China's national grain reserves may be polluted by genetically modified (GM) rice after tainted rice was discovered in Central China's Hubei province, Greenpeace representatives warned on Tuesday.
Lorena Luo, a food and agriculture specialist with non-governmental environmental organization Greenpeace, said its monitors found three distinct GM-positive rice samples produced in 2007 by two grain processing companies in the Hubei capital of Wuhan.
"In April, we bought three rice samples weighing 1,200 grams in Wuhan - all of which has been tested as GM at a qualified lab in Hong Kong," Luo told reporters on Tuesday.
The test results indicated the rice was developed from one of the two strains of pest-resistant GM rice, which was cultivated by the Wuhan-based Huazhong Agricultural University and was issued with bio-safety certificates by the Ministry of Agriculture last August.
Luo, however, declined to name the Hong Kong-based laboratory.
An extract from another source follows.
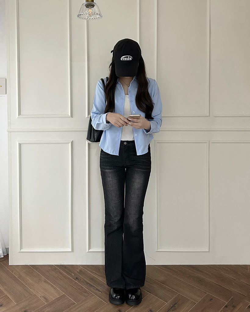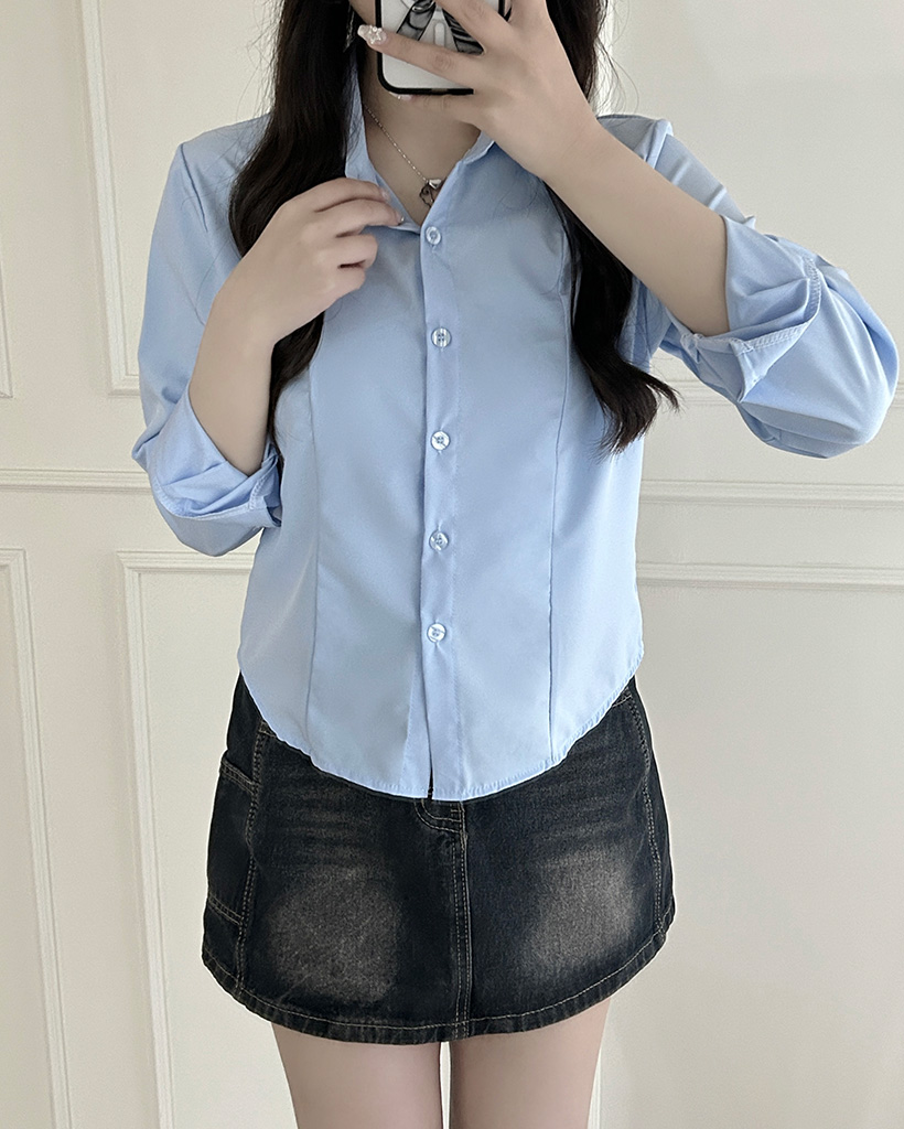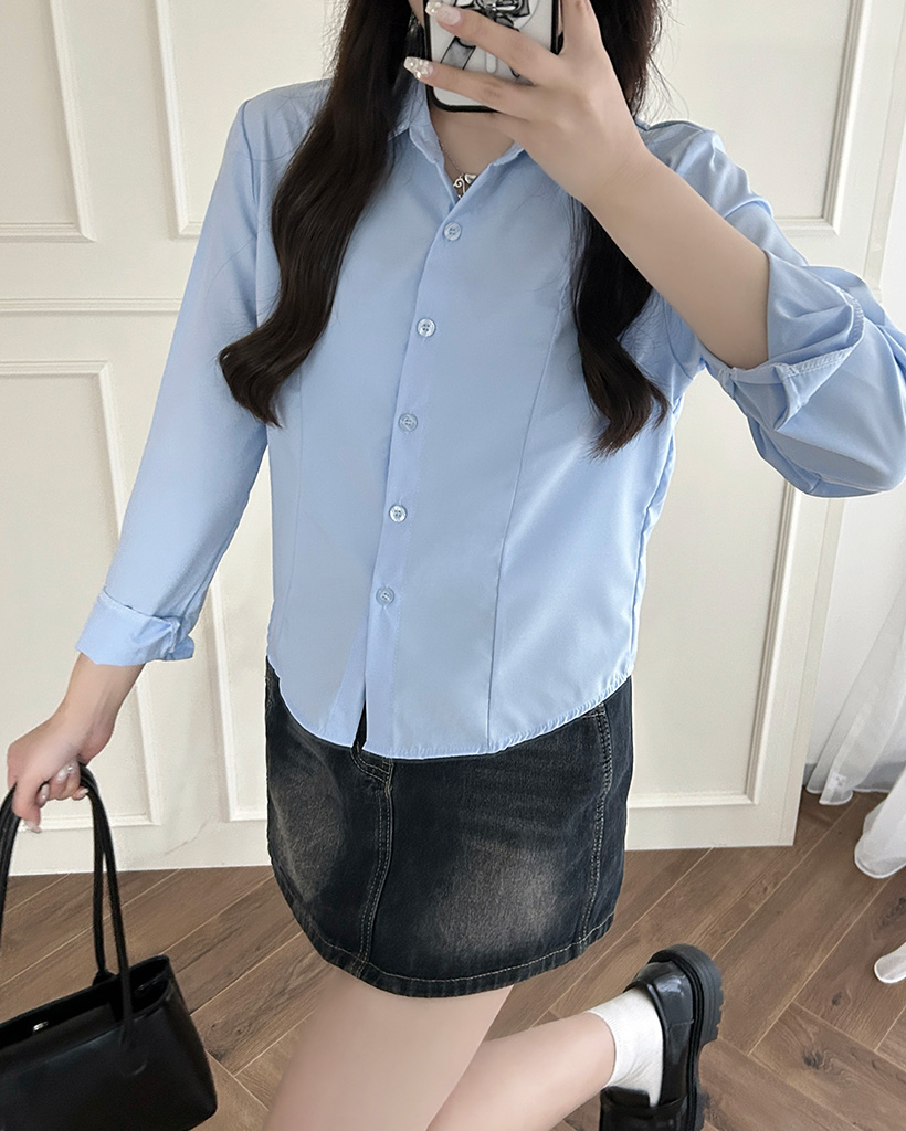 クロップベーシックロングスリーブシャツ

"Most grains in our company were coming from nearby State-owned grain depots as well as the national grain reserve," an unidentified worker at the Guocheng Rice Company, one of the two companies with the tainted rice samples, testified in a video provided by Greenpeace.
"If true, the report will be a serious problem, as GM rice in the national grain reserves could spread into other places," Lu Bu, a researcher from the Institute of Agriculture Resources and Regional Planning at the Chinese Academy of Agricultural Sciences, told China Daily on Tuesday.